Setelah Anda mengonfigurasi login perusahaan, verifikasi pengaturan dengan mengunduh dan menginstal aplikasi desktop sendiri. Pilih login Enterprise di layar masuk dan autentikasi dengan kredensi perusahaan Anda untuk mengonfirmasi bahwa konfigurasi berfungsi. Untuk langkah-langkah pengunduhan dan penginstalan, lihatMemulai.

Jika login gagal, verifikasi nilai yang Anda masukkan di Langkah 3 terhadap titik akhir OIDC dari Langkah 1. Jika ada nilai yang salah, hapus akses ekstensi di bawah Izin → Akses ekstensi, dan ulangi Langkah 3 dengan nilai yang benar.

Setelah Anda memverifikasi penyiapan, arahkan pengguna Anda Memulai untuk mengunduh, menginstal, dan instruksi masuk.

Pemecahan masalah

redirect_mismatch kesalahan

Verifikasi bahwa URI pengalihan di IDP Anda http://localhost:18080 tepat dan dikonfigurasi sebagai klien publik atau platform asli.

Pengguna tidak ditemukan setelah login

Email dalam token iDP harus sama persis dengan email pengguna di IAM Identity Center. Verifikasi bahwa pengguna disediakan dan bahwa alamat email identik di kedua sistem.

Kegagalan validasi token

Verifikasi bahwa URL penerbit di TTI sama persis dengan URL penerbit dalam konfigurasi OIDC iDP Anda.

Kesalahan persetujuan atau izin (Microsoft Entra ID)

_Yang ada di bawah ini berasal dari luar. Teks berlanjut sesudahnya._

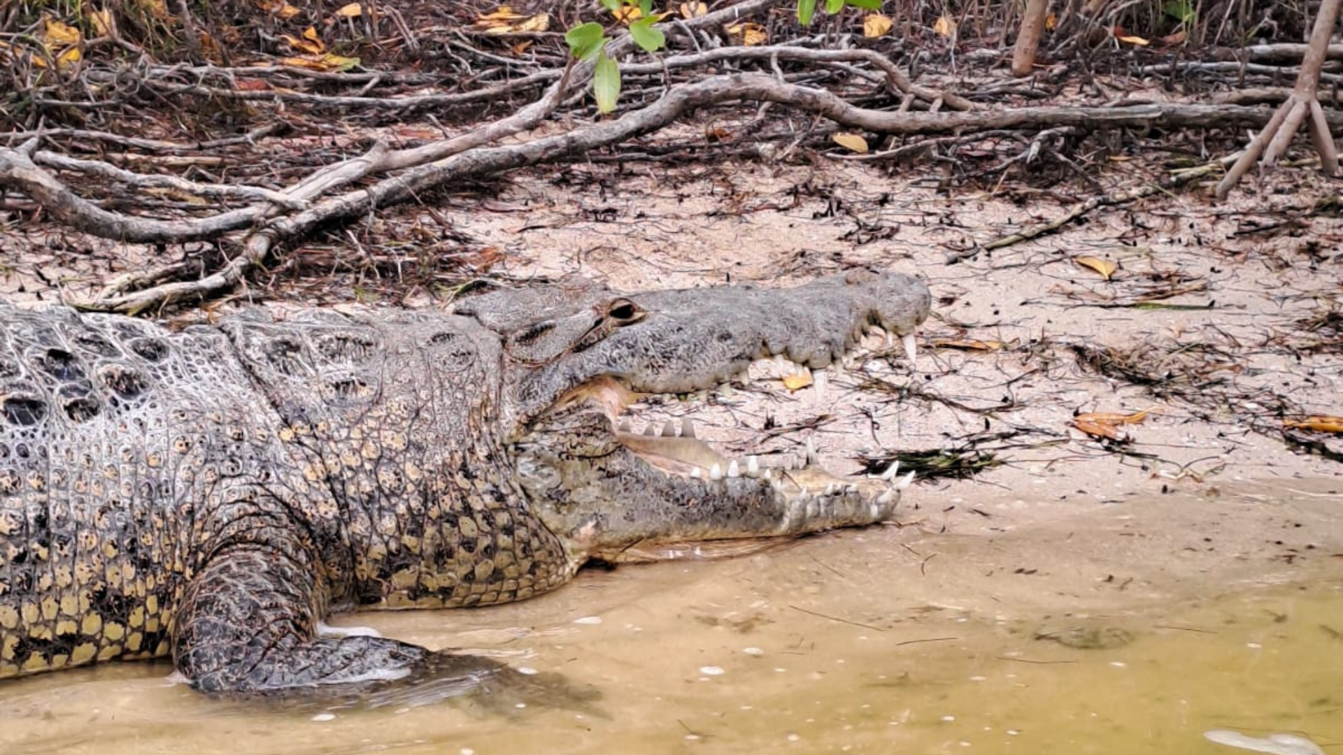 Among the mangrove roots and along the edges of the canals, it is possible to observe one of the region’s most iconic inhabitants: crocodiles, resting in the sun or slowly gliding through the water.

Berikan izin admin untuk izin API yang diperlukan di portal Azure. Arahkan ke halaman izin API pendaftaran aplikasi dan pilih Berikan izin admin untuk [organisasi Anda].

Sesi sering kedaluwarsa

Verifikasi bahwa idP Anda dikonfigurasi untuk mengeluarkan token penyegaran. Untuk Microsoft Entra ID, offline_access ruang lingkup diperlukan. Untuk Okta, jenis hibah Refresh Token harus diaktifkan dan offline_access cakupan harus diberikan. Untuk Ping Identity, jenis hibah Refresh Token harus diaktifkan dan offline_access cakupan harus diberikan. Untuk PingFederate, verifikasi juga bahwa Return ID Token On Refresh Grant dipilih dalam kebijakan OIDC.

invalid_scopeerror (Okta)

Verifikasi yang offline_access diaktifkan di server otorisasi Anda. Arahkan ke Keamanan → API → Server Otorisasi → default → Cakupan dan konfirmasikan cakupannya ada. Juga verifikasi bahwa kebijakan akses untuk aplikasi memungkinkan jenis hibah Refresh Token.

Aplikasi tidak diaktifkan (PingOne)

Jika otentikasi gagal segera tanpa mencapai halaman PingOne login, verifikasi bahwa sakelar aplikasi disetel ke Diaktifkan di konsol admin. PingOne

Klaim email tidak ada setelah refresh (PingFederate)

Verifikasi bahwa email klaim disertakan dalam Kontrak Atribut kebijakan OIDC dan dipetakan ke atribut pengguna yang benar. Pemetaan harus menghasilkan email klaim untuk otentikasi awal dan hibah token refresh.